Development of Mental Models in Human-AI Collaboration: A Conceptual Framework
It addresses a gap in human-AI collaboration literature by focusing on dynamic mental models, which is incremental as it builds on existing research but shifts focus from static human assumptions.
The paper tackles the neglected evolution of decision-makers' mental models in human-AI collaboration by developing a conceptual framework that identifies mechanisms like data contextualization and reasoning transparency to guide effective design.
Artificial intelligence has become integral to organizational decision-making and while research has explored many facets of this human-AI collaboration, the focus has mainly been on designing the AI agent(s) and the way the collaboration is set up - generally assuming a human decision-maker to be "fixed". However, it has largely been neglected that decision-makers' mental models evolve through their continuous interaction with AI systems. This paper addresses this gap by conceptualizing how the design of human-AI collaboration influences the development of three complementary and interdependent mental models necessary for this collaboration.

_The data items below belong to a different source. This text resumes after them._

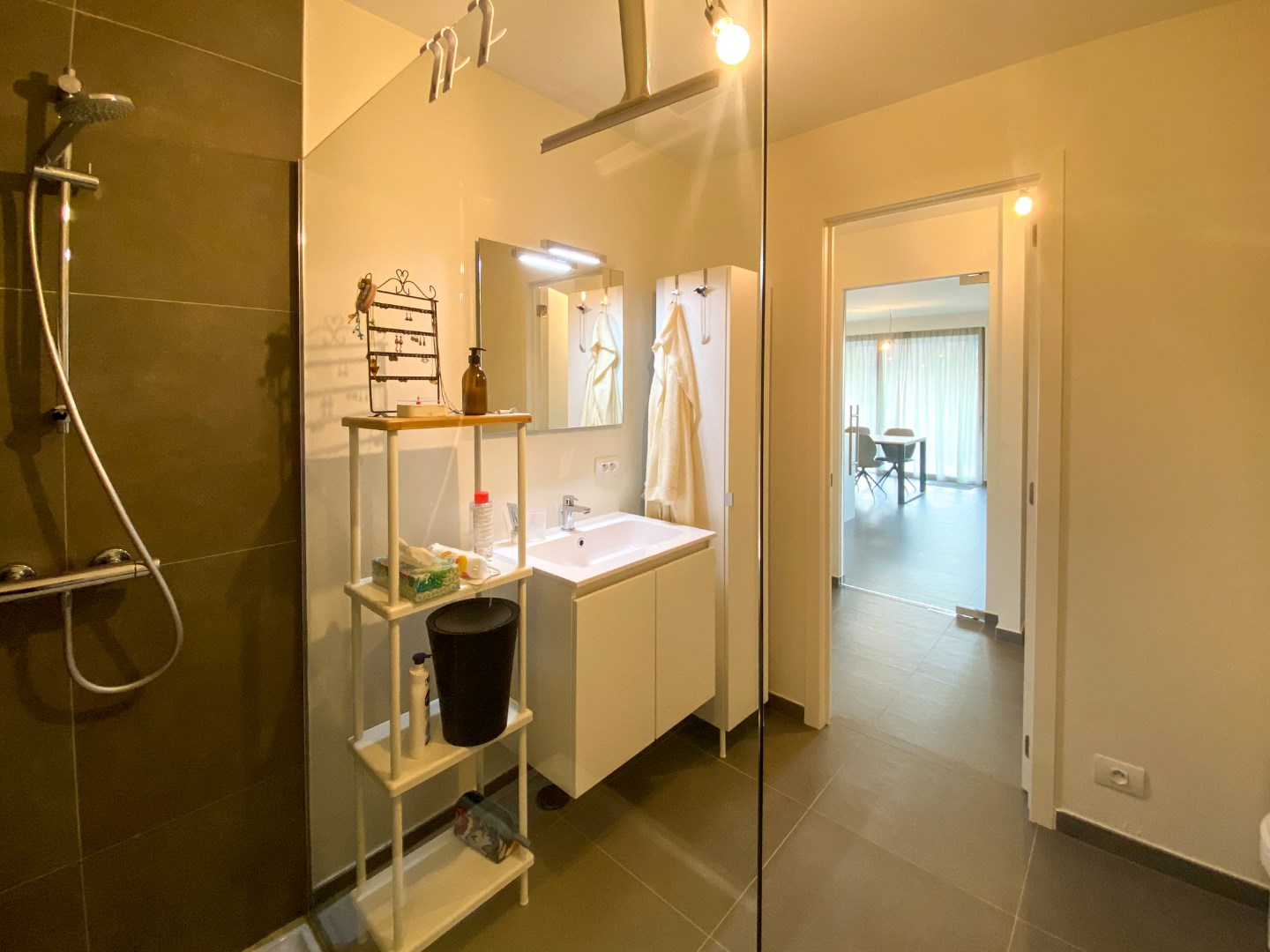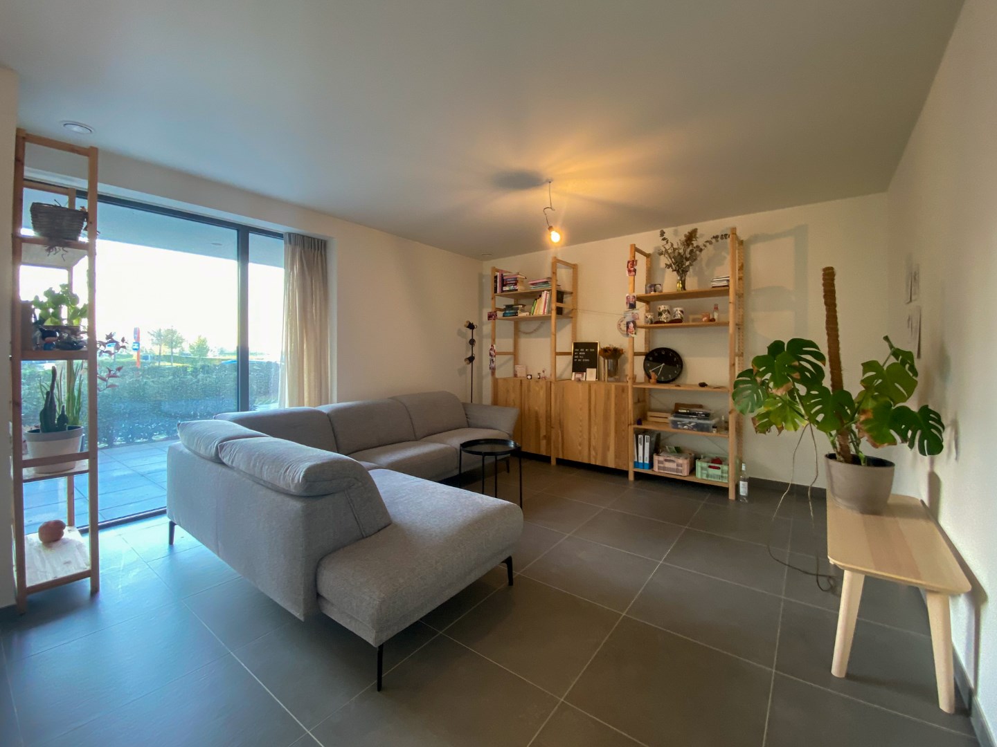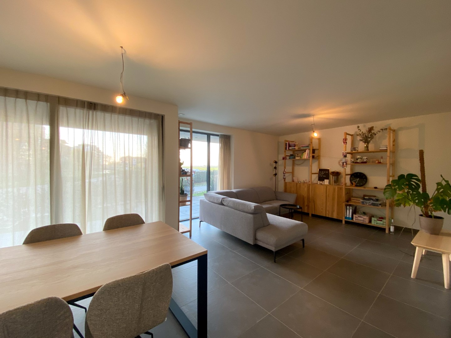 Gemeenschappelijke inkomhal - inkomhal appartement - ingerichte badkamer met inloopdouche, toilet en wastafel - slaapkamer - lichtrijke leefruimte met open ingerichte keuken en eiland, bevat o.a. spoelbak, inductie kookplaat, dampkap, koelkast, diepvries, vaatwas, oven en combi-oven - berging - aangename tuin (30m²) met ruim terras.
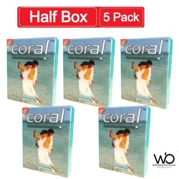 W?ell-Being Distribution Ltd. is the biggest authorized Distributor of Coral Condoms in Bangladesh. Weight 0.1 kg Reviews There are no reviews yet. Be the first to review “Coral Ultra Thin Extra Time Lubricated Natural Latex Condom 5 Cack Combo 3×5 – 15pcs”Cancel ReplyYour email address will not be published. Required fields are marked *Your rating * Rate… Perfect Good Average Not that bad Very poor Name *Email *Your review * Save my name, email, and website in this browser for the next time I comment. Submit
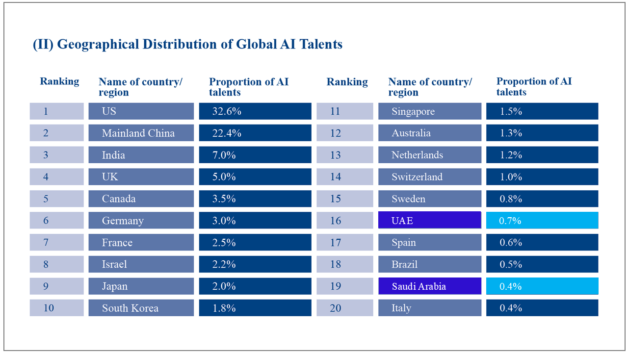 #SaudiArabia #UAE #talent - Saudi Arabia and the United Arab Emirates have secured positions among the world's top 20 nations for AI talent density, surpassing Italy and Russia according to the latest Global AI Competitiveness Index from Beijing-based International Finance Forum and AI research firm Deep Knowledge Group. Ranked 19th globally Saudi Arabia now holds 0.4% of global AI talent, whilst in 16th place, the UAE accounts for 0.7% of global AI talent. The report uses an estimate of 3 million people as the total global AI talent pool.
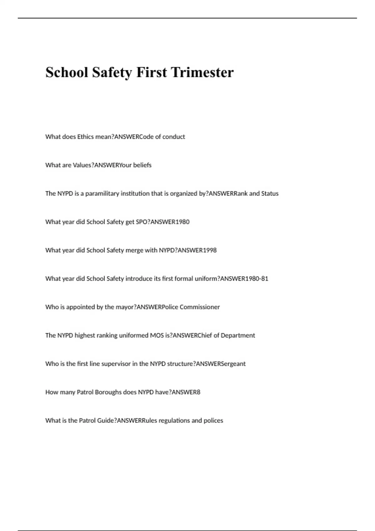 PACKAGE DEAL FOR: NYPD test Questions and Answers 2024 Latest Edition
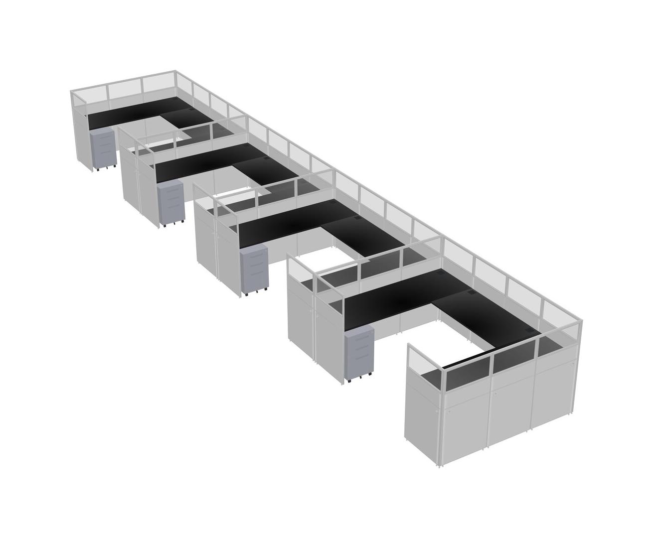 Système De Panneaux En U Noir Pour 4 Personnes + Tiroirs Mobiles En Métal Pour 4 Utilisateur(s)
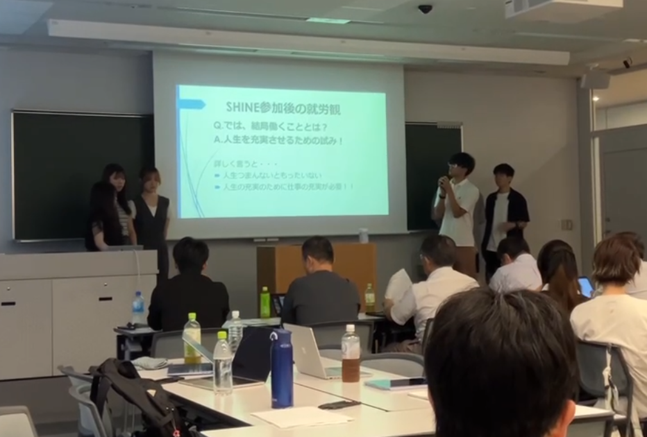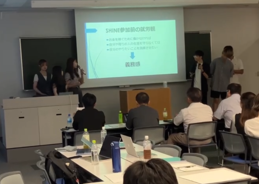 SHINE最終日には、チームごとに、プロジェクト参加前後で働くことに関する認識の変化や、各々の働く意義について、参画企業・行政の社会人を前にプレゼンテーションを実施しました。
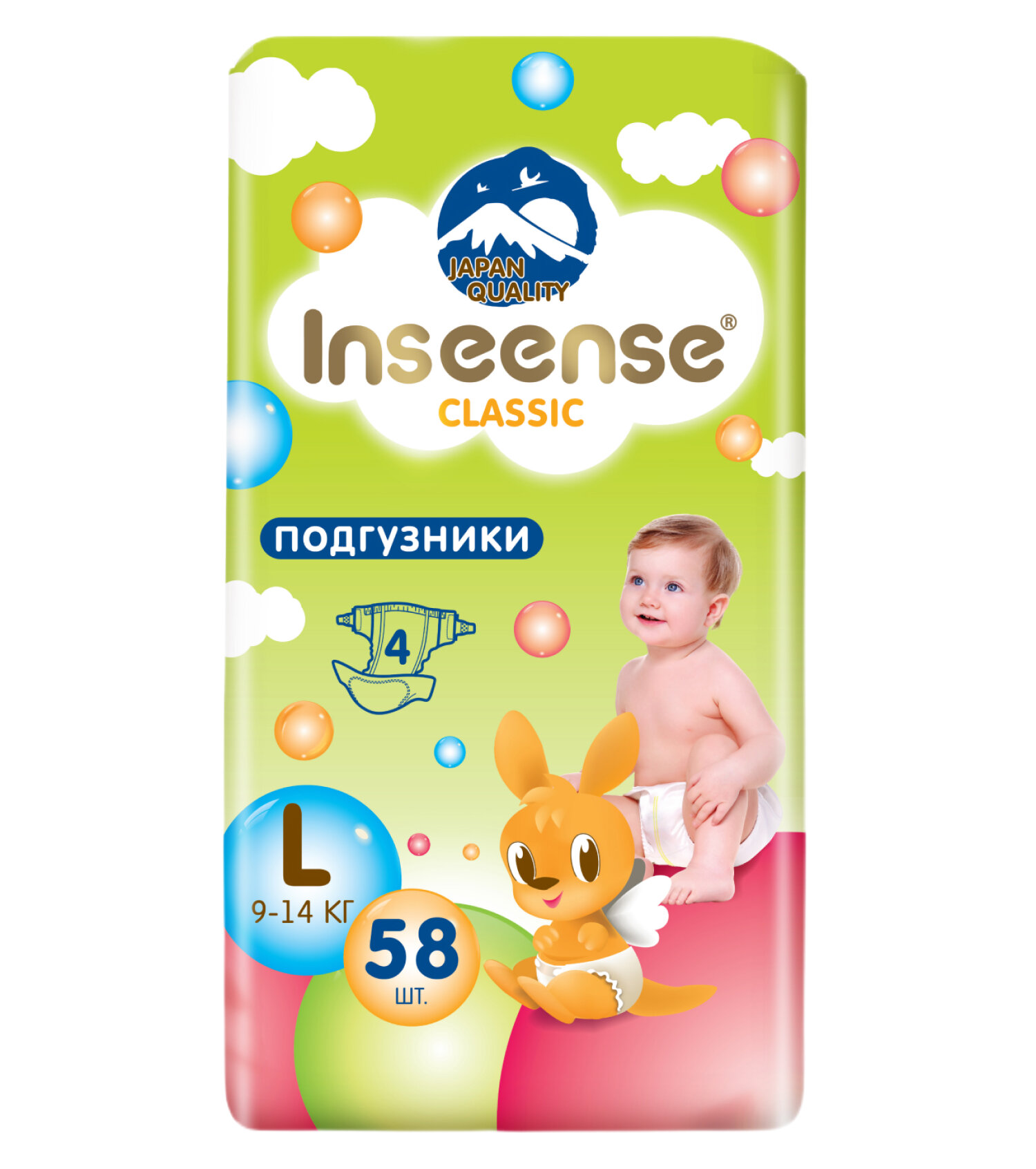 Подгузники Inseense Classic+ L (9-14 кг) 58 шт
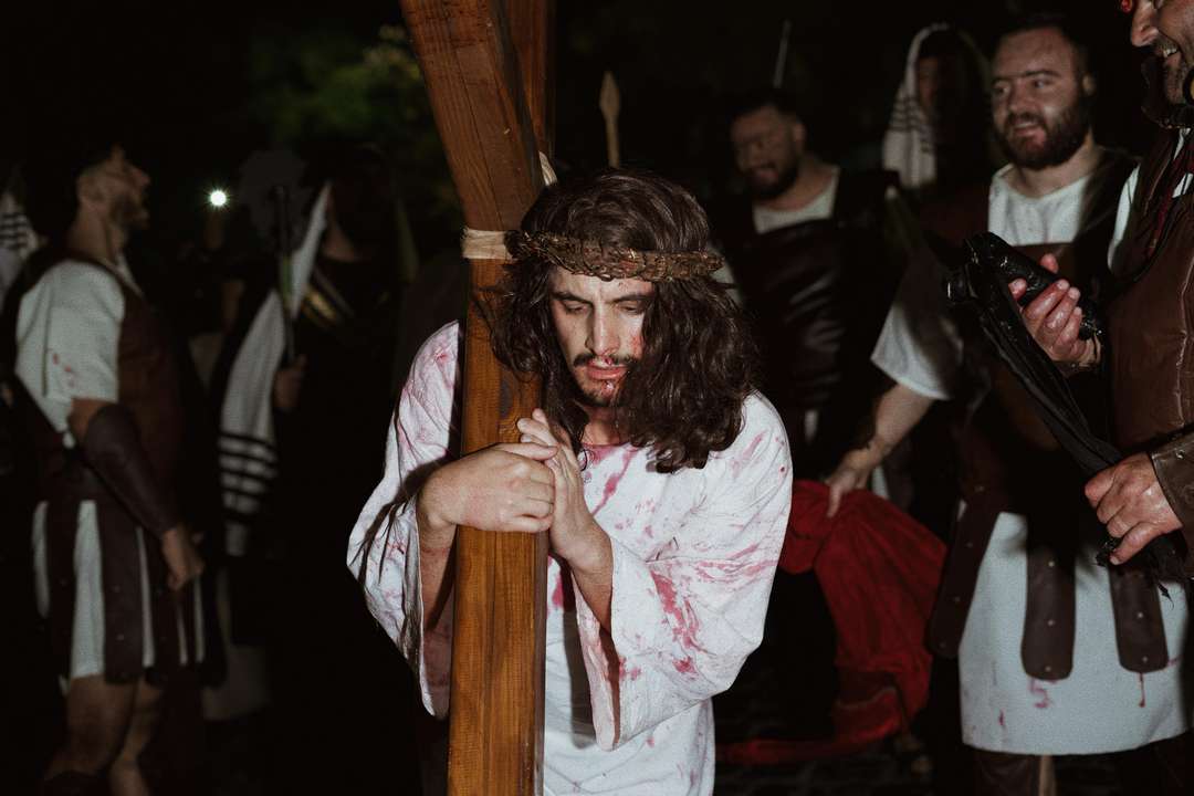 El momento donde los soldados romanos lo azotaron y posteriormente cuando Jesús cargó con la cruz, y la crucifixión junto a los dos ladrones donde exclamó sus últimas palabras ‘consumado es’ y por último su resurrección habiendo vencido la muerte.”
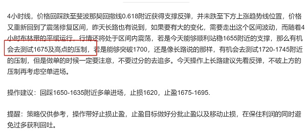 昨天长路在文中和视频都有讲到,可回踩做空,有机会去测试1675附近的压制,结合实时策略,跟上操作的朋友,多空都有收获。

We develop an integrated socio-technical framework that identifies the mechanisms driving the mental model evolution: data contextualization, reasoning transparency, and performance feedback. Our work advances human-AI collaboration literature through three key contributions: introducing three distinct mental models (domain, information processing, complementarity-awareness); recognizing the dynamic nature of mental models; and establishing mechanisms that guide the purposeful design of effective human-AI collaboration.